What you need to do:
Nothing but a verbatim copy of the data, minus the images, should be returned.

[Records from a collection]
%%

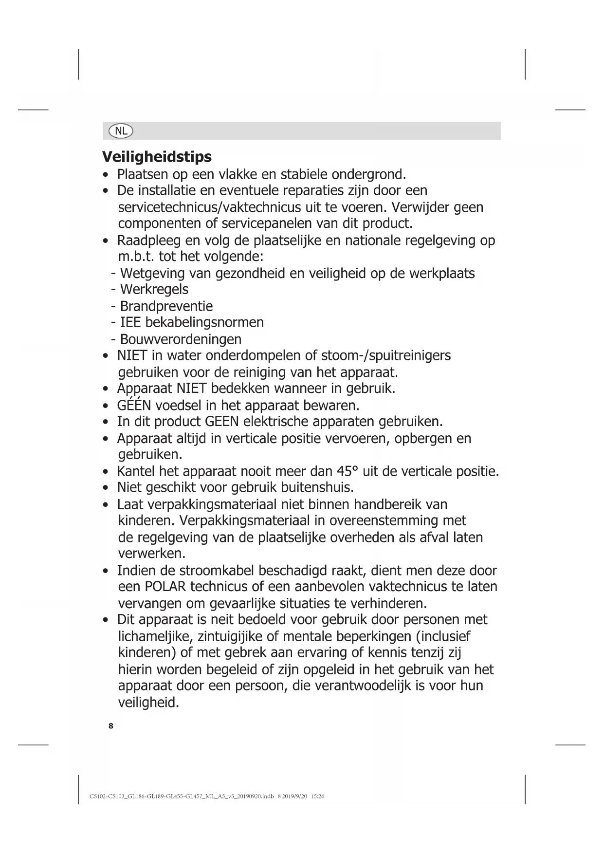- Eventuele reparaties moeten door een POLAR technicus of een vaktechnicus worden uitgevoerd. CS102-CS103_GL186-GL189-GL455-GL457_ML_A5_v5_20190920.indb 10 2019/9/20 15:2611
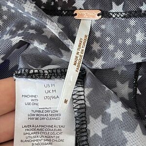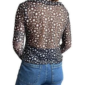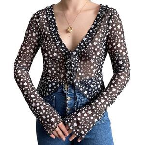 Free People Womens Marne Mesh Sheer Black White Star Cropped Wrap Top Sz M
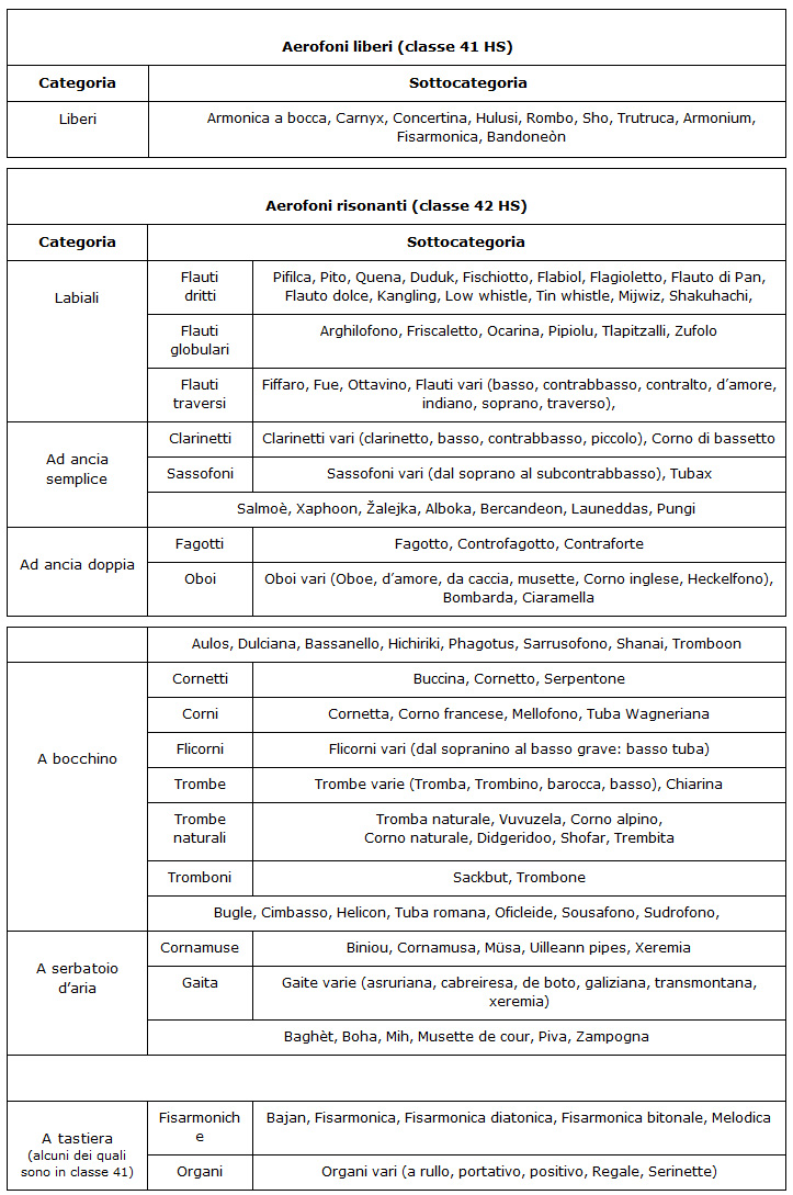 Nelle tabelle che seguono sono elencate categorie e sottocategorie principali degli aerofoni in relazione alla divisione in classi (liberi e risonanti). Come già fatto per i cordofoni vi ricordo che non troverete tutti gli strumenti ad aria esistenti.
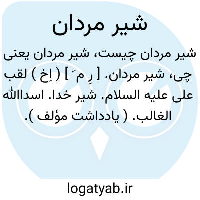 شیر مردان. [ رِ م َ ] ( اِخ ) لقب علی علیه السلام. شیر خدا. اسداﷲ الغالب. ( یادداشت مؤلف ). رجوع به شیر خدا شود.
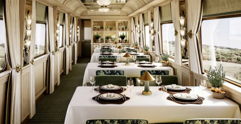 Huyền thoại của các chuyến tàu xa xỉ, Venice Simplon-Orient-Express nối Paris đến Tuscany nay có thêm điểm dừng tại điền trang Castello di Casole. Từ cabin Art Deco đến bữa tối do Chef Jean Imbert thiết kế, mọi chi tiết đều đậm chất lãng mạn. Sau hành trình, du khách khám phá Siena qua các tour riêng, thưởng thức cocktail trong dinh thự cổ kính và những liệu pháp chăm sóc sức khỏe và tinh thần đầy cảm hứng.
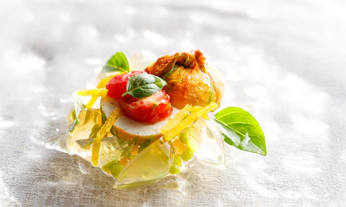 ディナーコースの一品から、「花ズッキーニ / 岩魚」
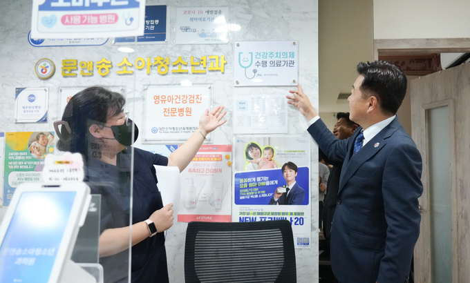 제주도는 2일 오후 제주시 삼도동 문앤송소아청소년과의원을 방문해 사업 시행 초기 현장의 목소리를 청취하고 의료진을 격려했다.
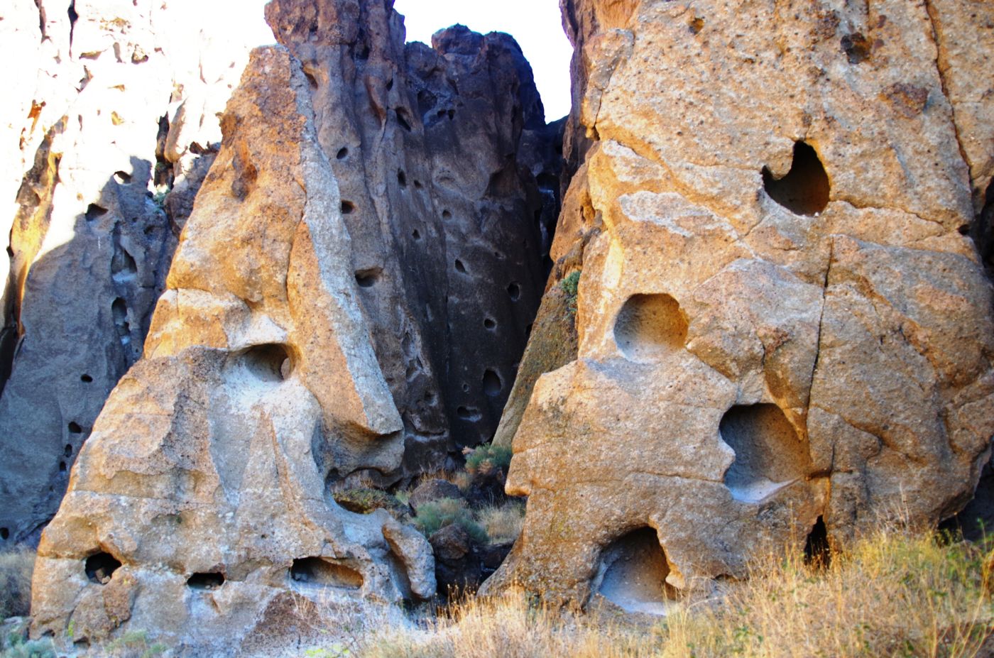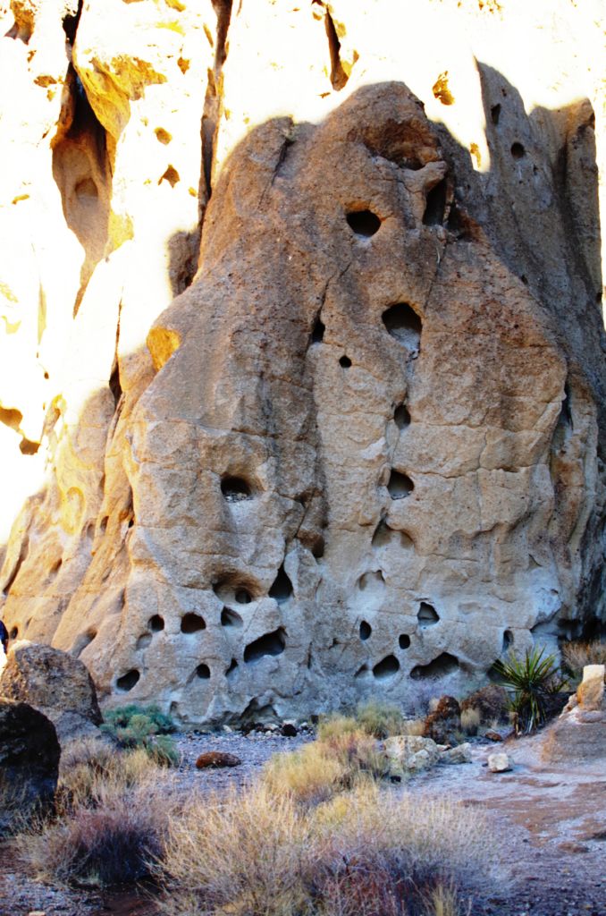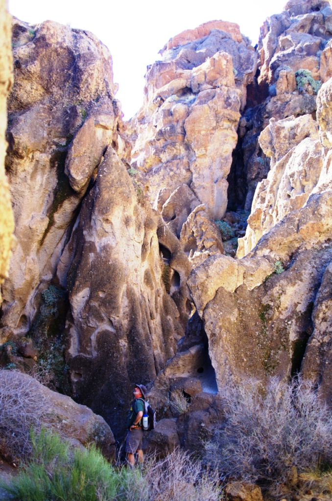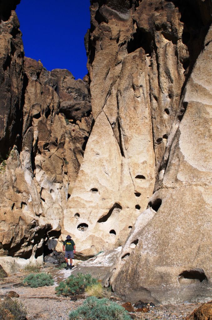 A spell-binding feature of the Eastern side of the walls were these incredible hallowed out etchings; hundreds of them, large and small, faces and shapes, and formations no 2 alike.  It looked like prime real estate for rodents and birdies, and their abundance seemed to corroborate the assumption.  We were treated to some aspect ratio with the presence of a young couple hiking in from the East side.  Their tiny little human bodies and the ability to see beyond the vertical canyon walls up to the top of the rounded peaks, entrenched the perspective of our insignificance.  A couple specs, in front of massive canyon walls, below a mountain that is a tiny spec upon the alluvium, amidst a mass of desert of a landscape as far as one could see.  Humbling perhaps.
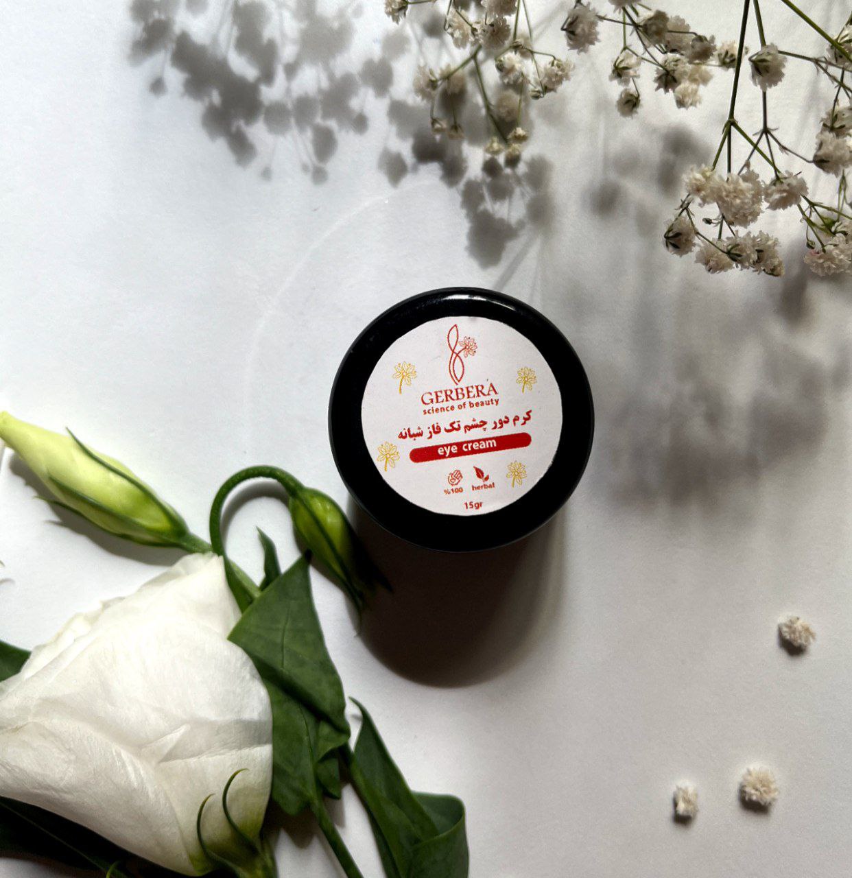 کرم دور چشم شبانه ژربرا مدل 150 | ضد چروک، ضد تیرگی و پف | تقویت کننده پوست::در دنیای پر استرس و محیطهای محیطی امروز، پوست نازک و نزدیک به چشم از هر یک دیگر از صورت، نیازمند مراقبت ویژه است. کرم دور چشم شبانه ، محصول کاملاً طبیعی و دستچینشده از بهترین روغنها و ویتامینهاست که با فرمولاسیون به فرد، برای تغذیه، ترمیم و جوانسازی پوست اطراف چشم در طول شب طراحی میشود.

%%

Task response:
- Eventuele reparaties moeten door een POLAR technicus of een vaktechnicus worden uitgevoerd. CS102-CS103_GL186-GL189-GL455-GL457_ML_A5_v5_20190920.indb 10 2019/9/20 15:2611
 Free People Womens Marne Mesh Sheer Black White Star Cropped Wrap Top Sz M
 Nelle tabelle che seguono sono elencate categorie e sottocategorie principali degli aerofoni in relazione alla divisione in classi (liberi e risonanti). Come già fatto per i cordofoni vi ricordo che non troverete tutti gli strumenti ad aria esistenti.
 شیر مردان. [ رِ م َ ] ( اِخ ) لقب علی علیه السلام. شیر خدا. اسداﷲ الغالب. ( یادداشت مؤلف ). رجوع به شیر خدا شود.
 Huyền thoại của các chuyến tàu xa xỉ, Venice Simplon-Orient-Express nối Paris đến Tuscany nay có thêm điểm dừng tại điền trang Castello di Casole. Từ cabin Art Deco đến bữa tối do Chef Jean Imbert thiết kế, mọi chi tiết đều đậm chất lãng mạn. Sau hành trình, du khách khám phá Siena qua các tour riêng, thưởng thức cocktail trong dinh thự cổ kính và những liệu pháp chăm sóc sức khỏe và tinh thần đầy cảm hứng.
 ディナーコースの一品から、「花ズッキーニ / 岩魚」
 제주도는 2일 오후 제주시 삼도동 문앤송소아청소년과의원을 방문해 사업 시행 초기 현장의 목소리를 청취하고 의료진을 격려했다.
 A spell-binding feature of the Eastern side of the walls were these incredible hallowed out etchings; hundreds of them, large and small, faces and shapes, and formations no 2 alike.  It looked like prime real estate for rodents and birdies, and their abundance seemed to corroborate the assumption.  We were treated to some aspect ratio with the presence of a young couple hiking in from the East side.  Their tiny little human bodies and the ability to see beyond the vertical canyon walls up to the top of the rounded peaks, entrenched the perspective of our insignificance.  A couple specs, in front of massive canyon walls, below a mountain that is a tiny spec upon the alluvium, amidst a mass of desert of a landscape as far as one could see.  Humbling perhaps.
 کرم دور چشم شبانه ژربرا مدل 150 | ضد چروک، ضد تیرگی و پف | تقویت کننده پوست::در دنیای پر استرس و محیطهای محیطی امروز، پوست نازک و نزدیک به چشم از هر یک دیگر از صورت، نیازمند مراقبت ویژه است. کرم دور چشم شبانه ، محصول کاملاً طبیعی و دستچینشده از بهترین روغنها و ویتامینهاست که با فرمولاسیون به فرد، برای تغذیه، ترمیم و جوانسازی پوست اطراف چشم در طول شب طراحی میشود.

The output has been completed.